O texto de Camelo também abraça as vivências das personagens e de suas mães para construir um olhar mais plural acerca da própria natureza da morte. Sem oferecer respostas conclusivas, ele evidencia o lado mais clínico e científico na primeira metade antes de incorporar os elementos do sincretismo religioso brasileiro na segunda, visto que a bisavó de Sofia era uma benzedeira. O filme brinca com o onírico e o fantasmagórico, ao passo que usa a noção da morte para muito além do físico, especialmente no que concerne a revelação feita em determinado momento sobre Sofia.


Se há algo em que o filme acaba pecando, é justamente em determinados momentos se afastar da perspectiva infantil que o distingue. Ainda que uma das cenas mais emocionantes (envolvendo a mãe e bisavó de Sofia) não esteja diretamente relacionada às meninas, é nítido como ele é mais forte quando traz para o centro as duas protagonistas. Isso é nítido sobretudo na segunda parte, onde se vê uma tentativa do longa de trabalhar mais elementos que a impedem de possuir a mesma coesão que a primeira, no hospital, tinha.

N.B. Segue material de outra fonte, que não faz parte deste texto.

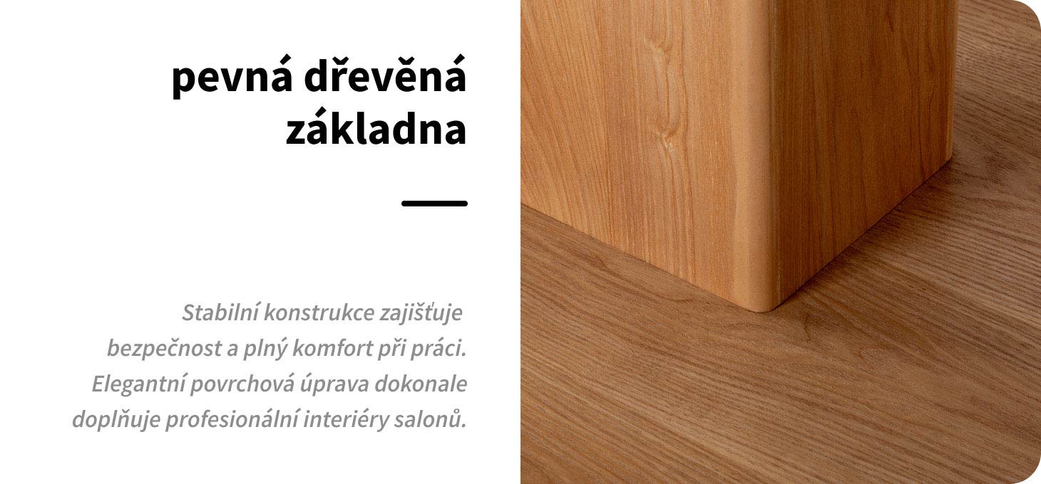 Moderní kosmetické lehátko s pevnou dřevěnou základnou kombinuje maximální stabilitu s jedinečným stylem. Díky konstrukci, která zaručuje spolehlivou oporu, je každý kosmetický, pečující, relaxační nebo masážní zákrok bezpečný a pohodlný – jak pro klienta, tak pro profesionála. Tlumená barevná škála a pečlivě zpracované detaily zajišťují , že lehátko zapadá do elegantních interiérů kosmetických salónů, masážních salónů a SPA a wellness zón. Promyšlený design podtrhuje profesionalitu salónu, zvyšuje důvěru zákazníků a zvyšuje vnímanou hodnotu nabízených služeb.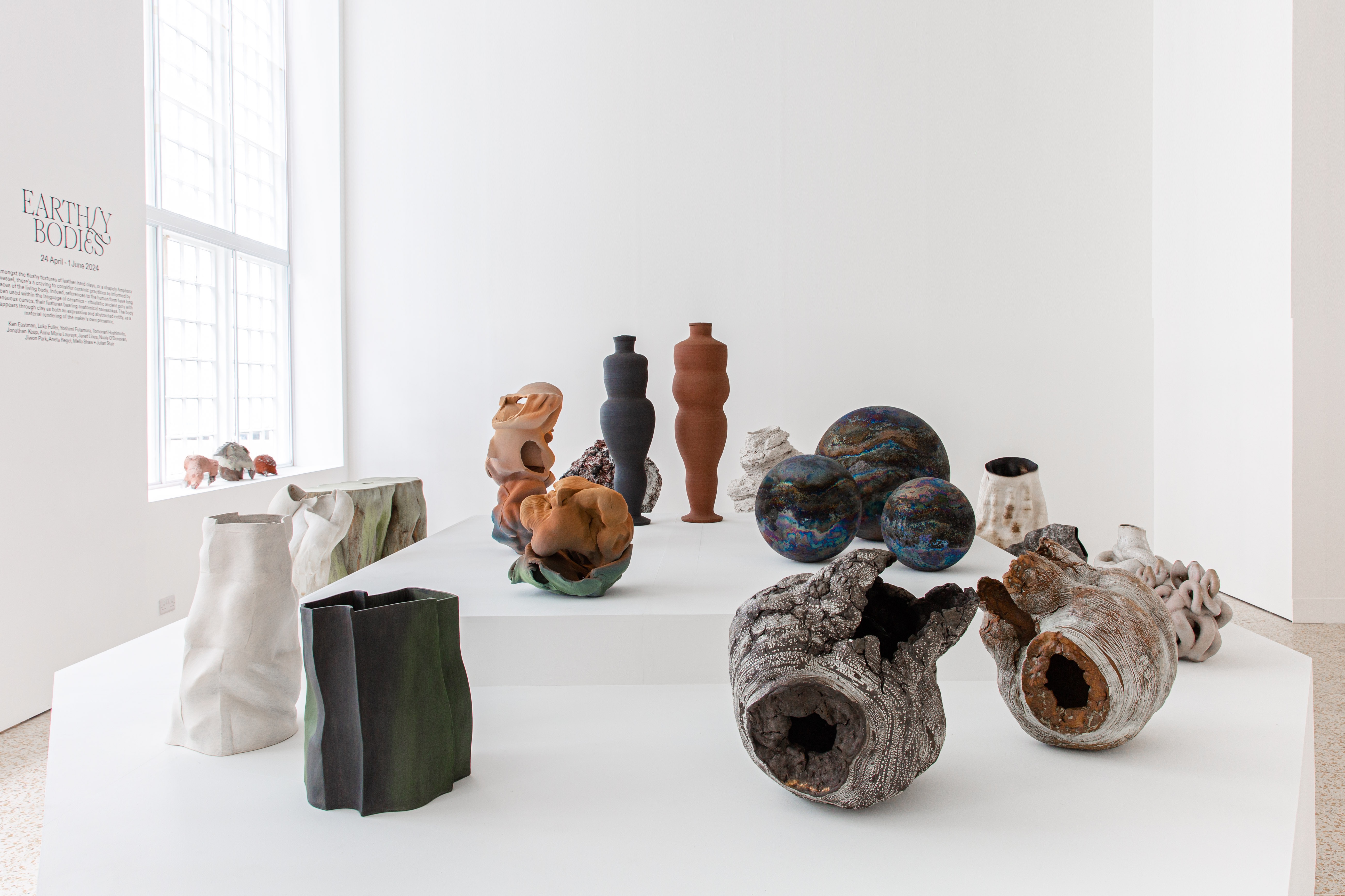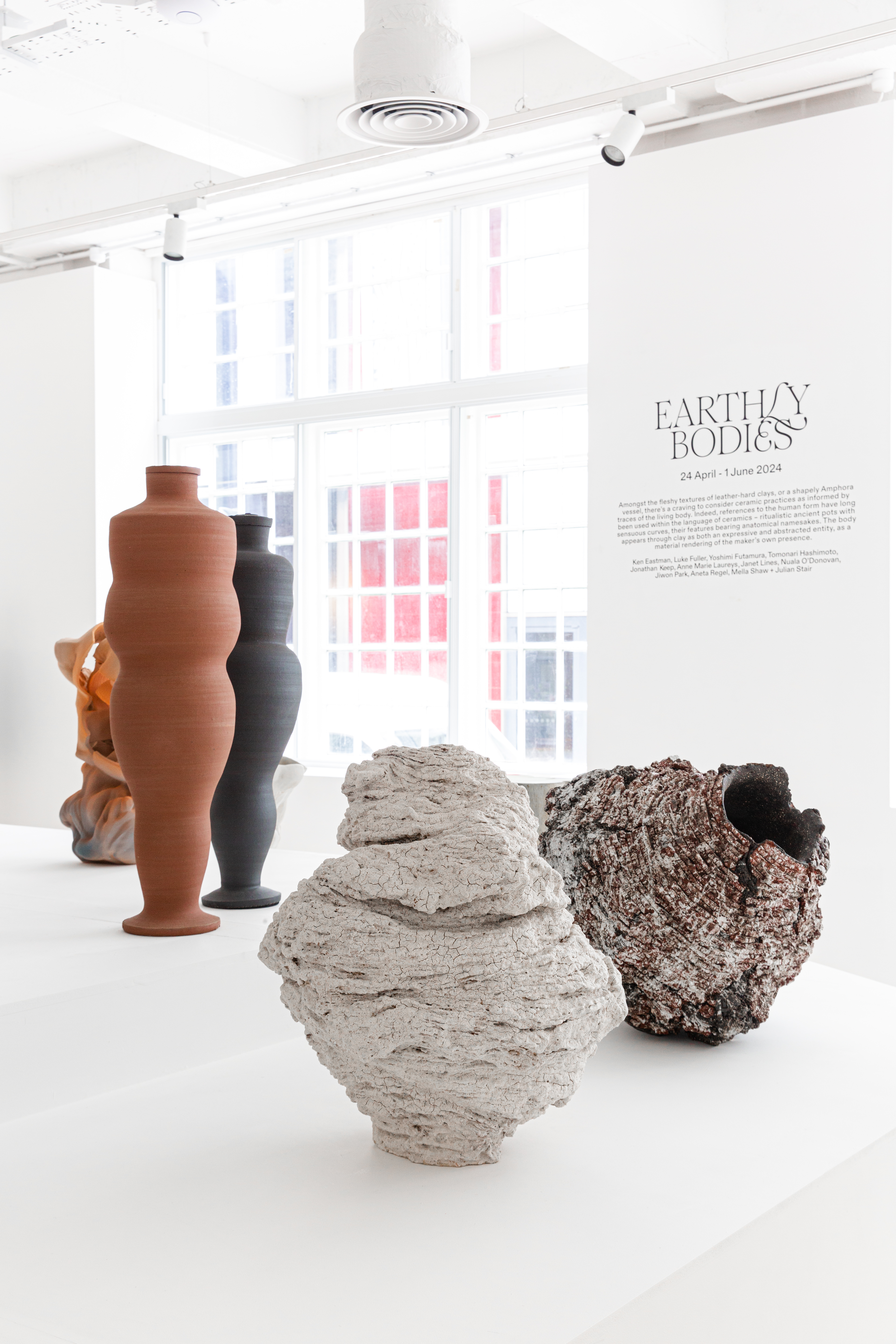The exquisite surface qualities of the ceramics with 'Earthly Bodies' evoke the touch of the epidermis or topographic membrane, inviting an ambient envelopment by bodies and terrains. Ken Eastman and Tomonari Hashimoto achieve uniquely seductive patinas through many coatings of diluted oxides or carbonation, revealing rich subtleties that blend modesty with indulgent splendour. The culmination of the works in the exhibition bears profound witness to bodily plentitudes within contemporary ceramics. Through material and poetic resonance, corporeality persists. Consequently, 'Earthly Bodies' provokes environmental and anthropological readings as it enlivens the interplay between clay and crafted figure.

Ainda assim, A Natureza das Coisas Invisíveis acerta e muito por poder apresentar uma discussão de um tema tão espinhoso e ainda tão tabu como a morte, valendo-se para isso da ótica infantil – construída com muito esmero e sensibilidade a partir do campo estético do filme, e também das atuações calorosas de Laura Brandão e Serena, as quais nos convencem como crianças agindo como crianças (ainda que seja perceptível como Sofia é alguém forçada a amadurecer muito cedo). Talvez nós, enquanto adultos, tenhamos muito a aprender com elas a abraçar a inevitabilidade da morte e a beleza de se estar vivo.